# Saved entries
------------------------------------------------

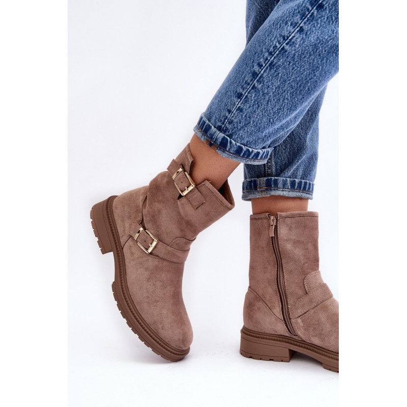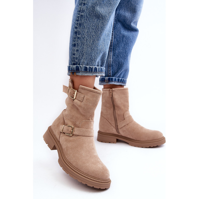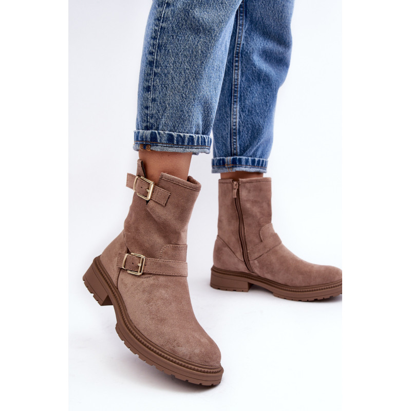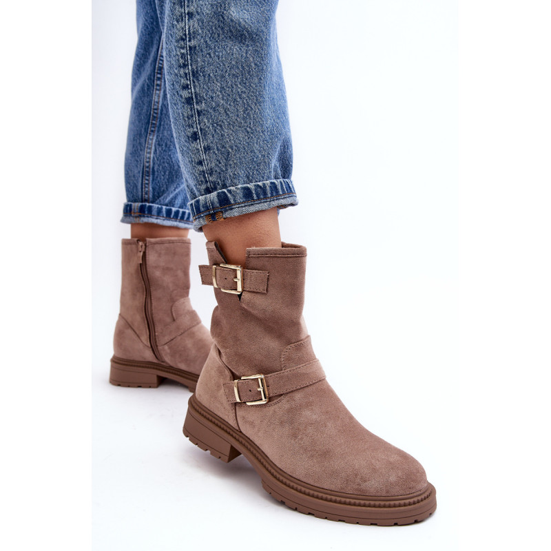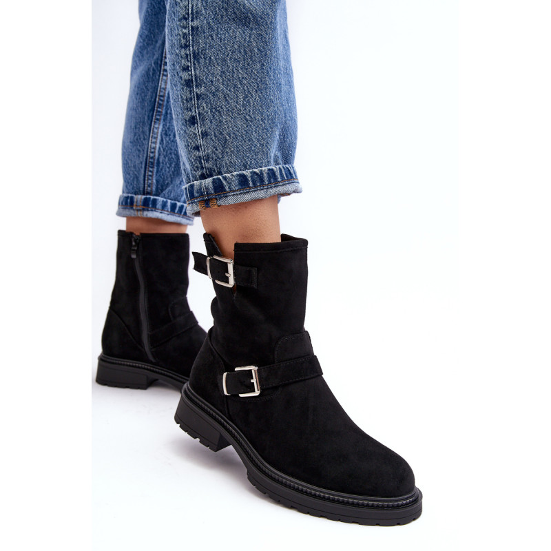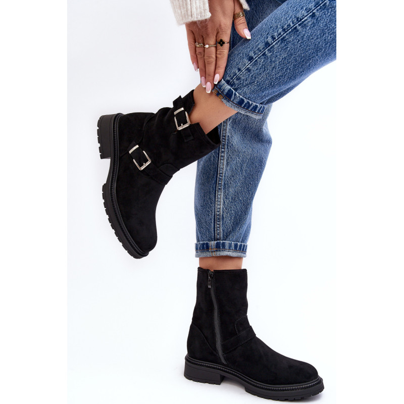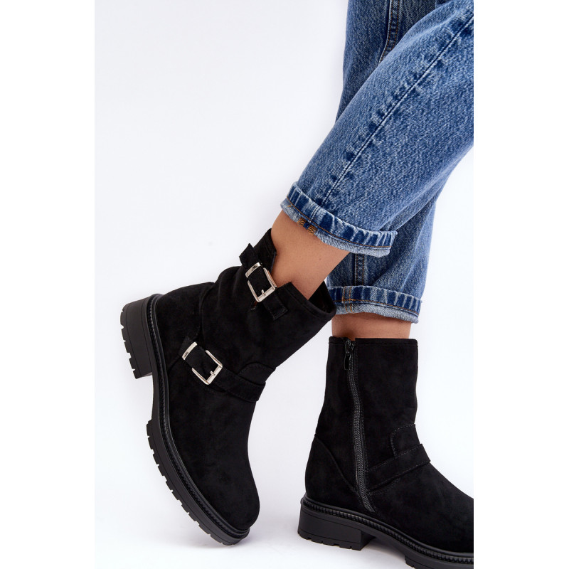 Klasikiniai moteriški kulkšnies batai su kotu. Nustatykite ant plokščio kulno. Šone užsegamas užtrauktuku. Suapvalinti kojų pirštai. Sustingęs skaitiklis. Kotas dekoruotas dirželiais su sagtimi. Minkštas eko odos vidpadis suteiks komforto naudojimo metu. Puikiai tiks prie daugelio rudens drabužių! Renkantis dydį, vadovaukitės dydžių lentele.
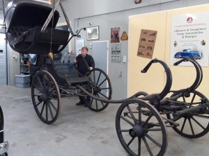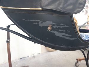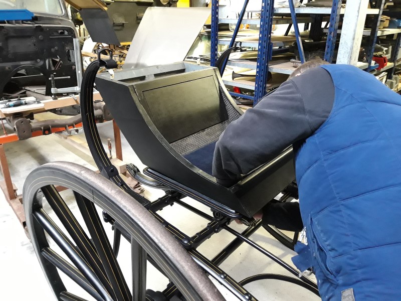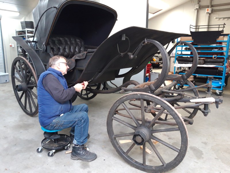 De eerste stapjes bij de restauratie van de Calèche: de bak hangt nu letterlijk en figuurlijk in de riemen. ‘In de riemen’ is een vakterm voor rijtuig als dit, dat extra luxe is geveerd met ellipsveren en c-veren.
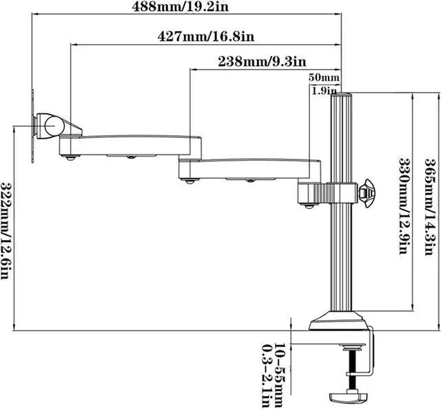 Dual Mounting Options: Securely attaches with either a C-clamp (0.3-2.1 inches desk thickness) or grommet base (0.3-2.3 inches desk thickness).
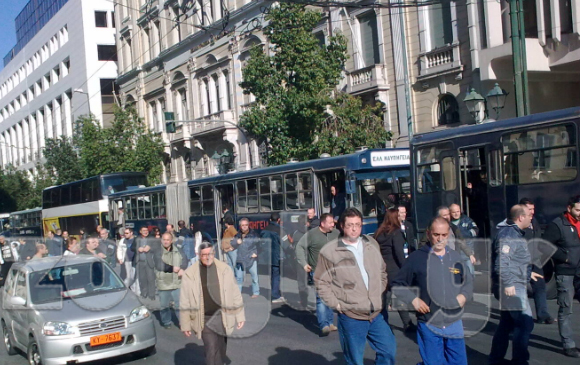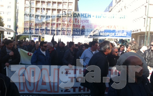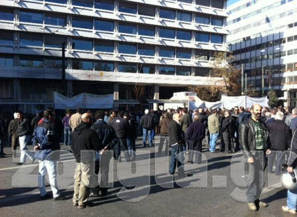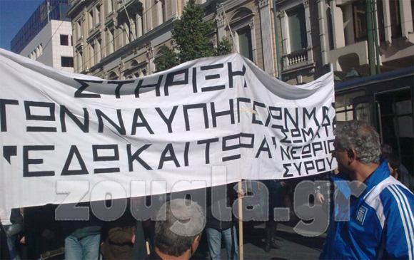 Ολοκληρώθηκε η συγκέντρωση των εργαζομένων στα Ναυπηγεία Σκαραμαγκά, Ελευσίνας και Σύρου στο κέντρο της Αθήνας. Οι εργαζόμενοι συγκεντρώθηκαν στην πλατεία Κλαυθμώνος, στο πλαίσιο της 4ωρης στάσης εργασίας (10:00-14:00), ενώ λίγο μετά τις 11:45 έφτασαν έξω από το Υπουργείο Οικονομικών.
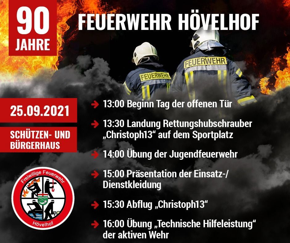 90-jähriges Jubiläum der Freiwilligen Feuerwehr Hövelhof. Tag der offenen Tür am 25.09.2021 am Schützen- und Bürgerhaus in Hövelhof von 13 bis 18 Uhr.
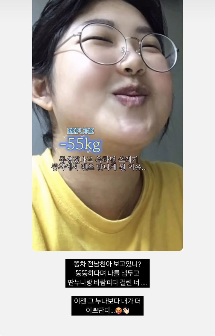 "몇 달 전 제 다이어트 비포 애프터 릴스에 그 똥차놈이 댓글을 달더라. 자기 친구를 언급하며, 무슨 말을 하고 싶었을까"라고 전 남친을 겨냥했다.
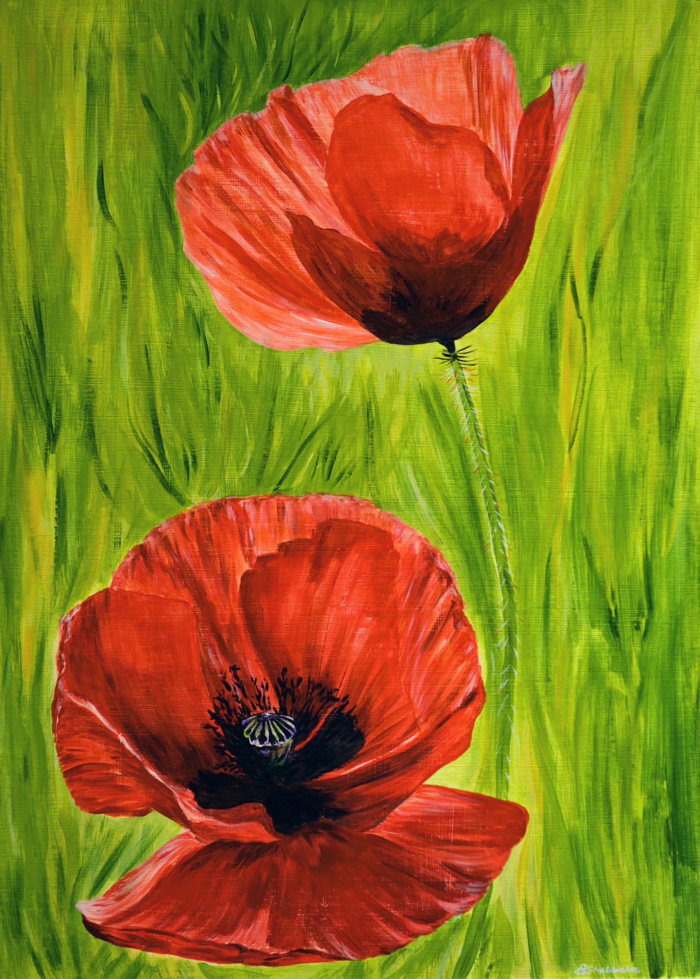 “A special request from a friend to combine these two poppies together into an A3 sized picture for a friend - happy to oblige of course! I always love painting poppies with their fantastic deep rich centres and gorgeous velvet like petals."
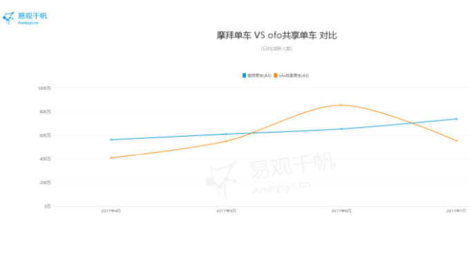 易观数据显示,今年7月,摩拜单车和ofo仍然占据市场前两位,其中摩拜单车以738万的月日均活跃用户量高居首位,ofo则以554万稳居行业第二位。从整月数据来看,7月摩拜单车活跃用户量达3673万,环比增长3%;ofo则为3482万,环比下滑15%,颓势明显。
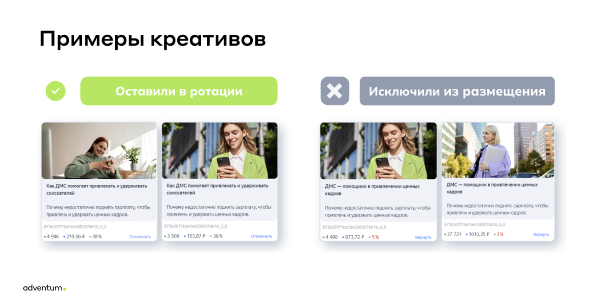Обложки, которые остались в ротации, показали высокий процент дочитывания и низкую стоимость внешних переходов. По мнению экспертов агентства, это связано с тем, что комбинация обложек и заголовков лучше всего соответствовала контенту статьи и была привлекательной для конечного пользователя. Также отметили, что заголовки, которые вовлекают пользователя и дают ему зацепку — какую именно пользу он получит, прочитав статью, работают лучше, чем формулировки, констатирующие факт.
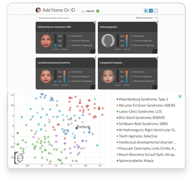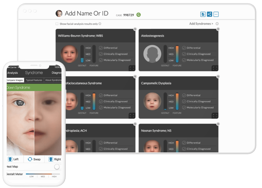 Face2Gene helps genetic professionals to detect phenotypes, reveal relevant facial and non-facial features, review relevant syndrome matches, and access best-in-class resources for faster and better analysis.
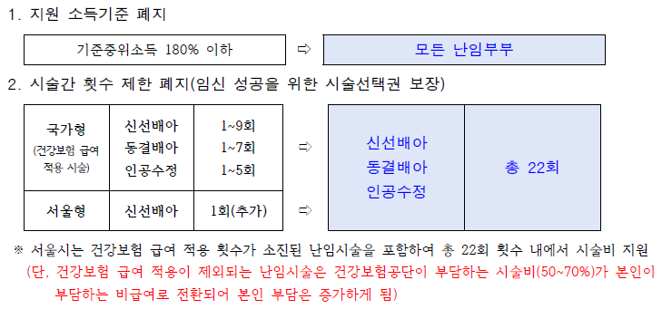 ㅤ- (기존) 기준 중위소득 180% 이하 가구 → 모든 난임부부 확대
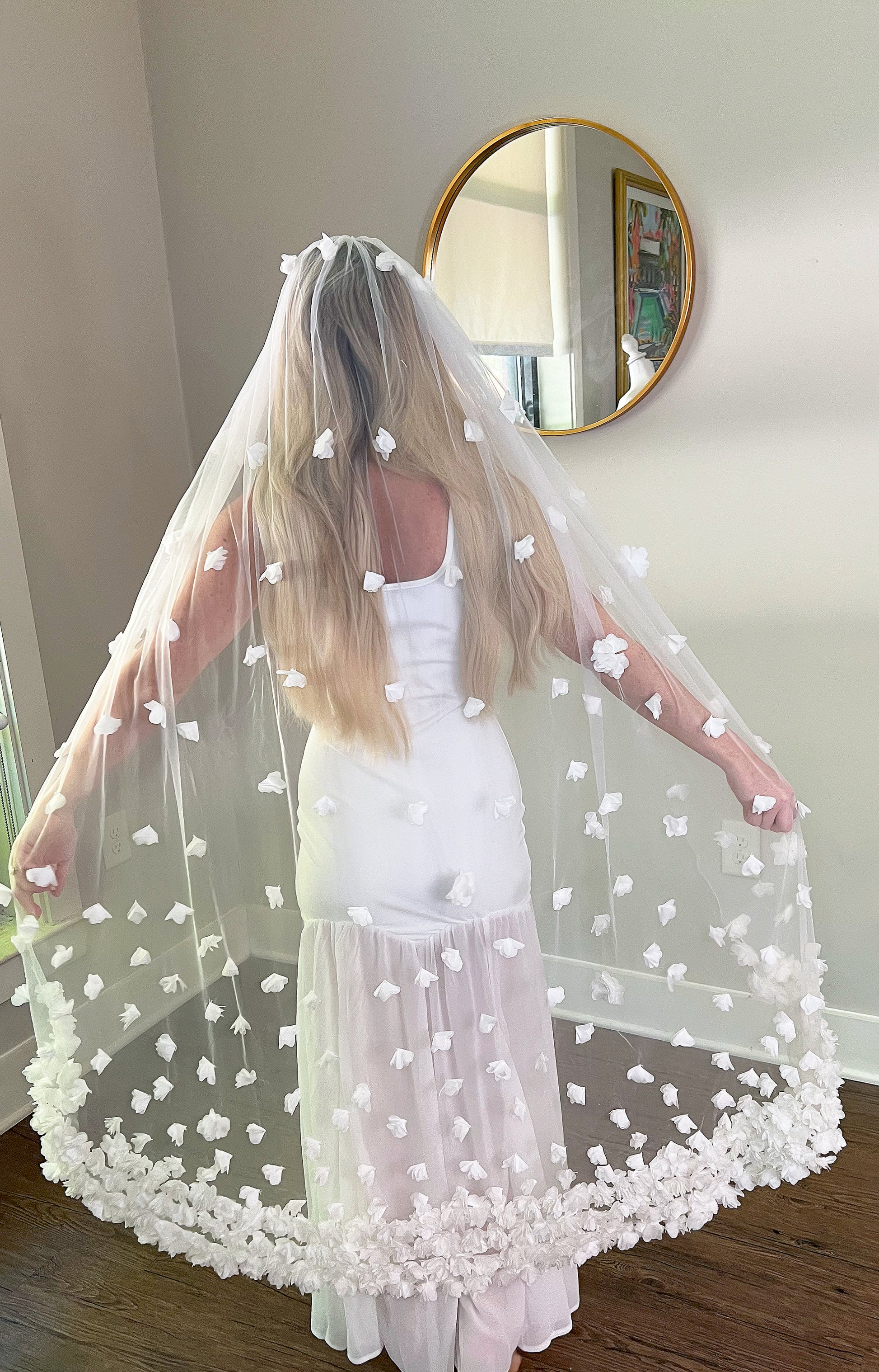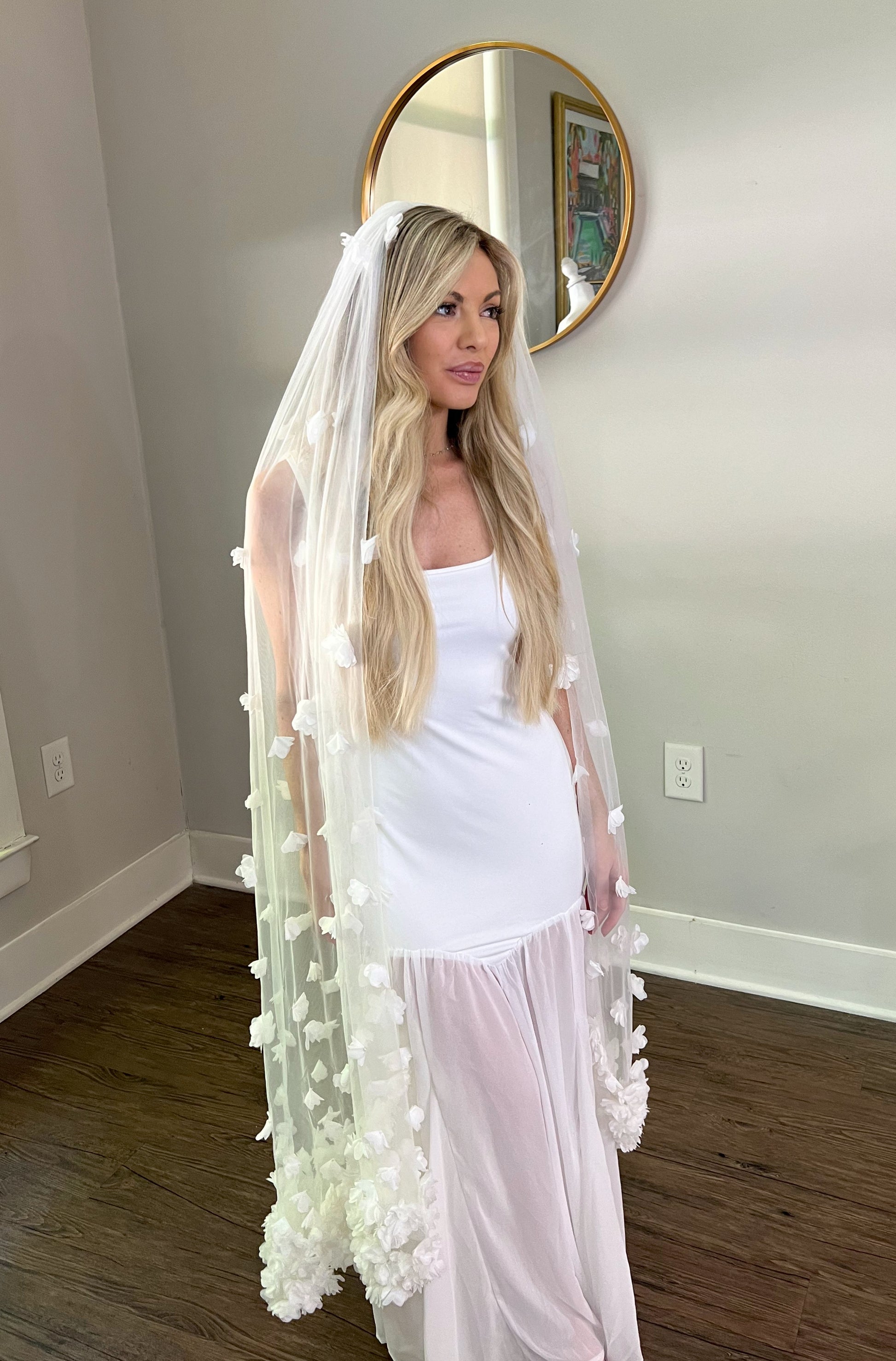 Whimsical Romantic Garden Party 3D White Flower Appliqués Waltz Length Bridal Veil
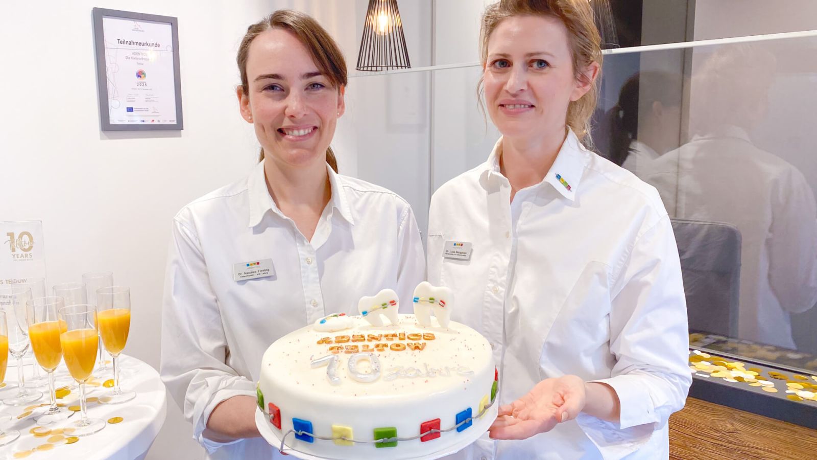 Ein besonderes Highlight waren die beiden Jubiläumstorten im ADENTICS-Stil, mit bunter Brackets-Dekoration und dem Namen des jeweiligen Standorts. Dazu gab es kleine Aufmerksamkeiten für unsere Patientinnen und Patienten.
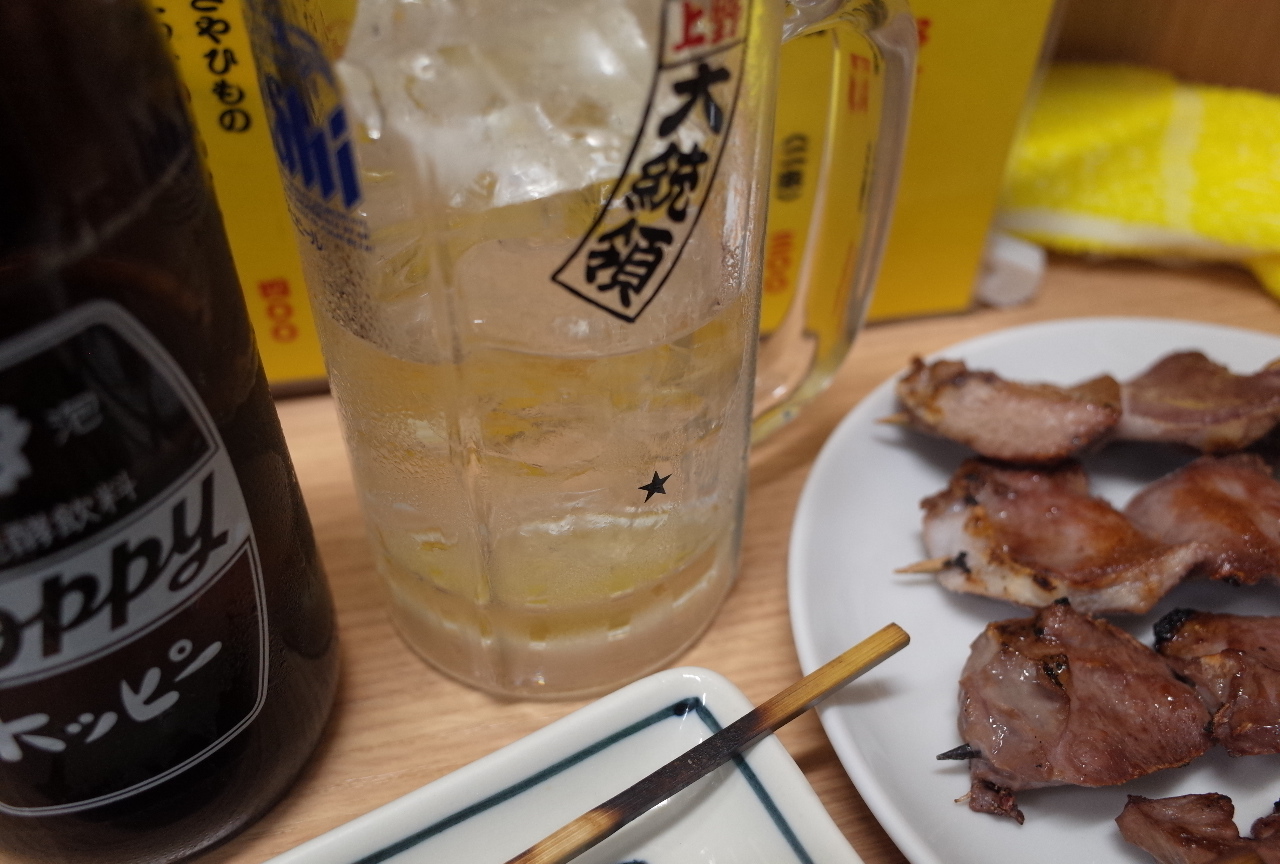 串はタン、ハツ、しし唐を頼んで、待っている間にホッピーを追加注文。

------------------------------------------------

# Work item
Each line from the start of the entries to the line holding "易观数据显示,今年7月,摩拜" is to be given again exactly, both ends included, and each picture is to be left out.

# Answer section
 Klasikiniai moteriški kulkšnies batai su kotu. Nustatykite ant plokščio kulno. Šone užsegamas užtrauktuku. Suapvalinti kojų pirštai. Sustingęs skaitiklis. Kotas dekoruotas dirželiais su sagtimi. Minkštas eko odos vidpadis suteiks komforto naudojimo metu. Puikiai tiks prie daugelio rudens drabužių! Renkantis dydį, vadovaukitės dydžių lentele.
 De eerste stapjes bij de restauratie van de Calèche: de bak hangt nu letterlijk en figuurlijk in de riemen. ‘In de riemen’ is een vakterm voor rijtuig als dit, dat extra luxe is geveerd met ellipsveren en c-veren.
 Dual Mounting Options: Securely attaches with either a C-clamp (0.3-2.1 inches desk thickness) or grommet base (0.3-2.3 inches desk thickness).
 Ολοκληρώθηκε η συγκέντρωση των εργαζομένων στα Ναυπηγεία Σκαραμαγκά, Ελευσίνας και Σύρου στο κέντρο της Αθήνας. Οι εργαζόμενοι συγκεντρώθηκαν στην πλατεία Κλαυθμώνος, στο πλαίσιο της 4ωρης στάσης εργασίας (10:00-14:00), ενώ λίγο μετά τις 11:45 έφτασαν έξω από το Υπουργείο Οικονομικών.
 90-jähriges Jubiläum der Freiwilligen Feuerwehr Hövelhof. Tag der offenen Tür am 25.09.2021 am Schützen- und Bürgerhaus in Hövelhof von 13 bis 18 Uhr.
 "몇 달 전 제 다이어트 비포 애프터 릴스에 그 똥차놈이 댓글을 달더라. 자기 친구를 언급하며, 무슨 말을 하고 싶었을까"라고 전 남친을 겨냥했다.
 “A special request from a friend to combine these two poppies together into an A3 sized picture for a friend - happy to oblige of course! I always love painting poppies with their fantastic deep rich centres and gorgeous velvet like petals."
 易观数据显示,今年7月,摩拜单车和ofo仍然占据市场前两位,其中摩拜单车以738万的月日均活跃用户量高居首位,ofo则以554万稳居行业第二位。从整月数据来看,7月摩拜单车活跃用户量达3673万,环比增长3%;ofo则为3482万,环比下滑15%,颓势明显。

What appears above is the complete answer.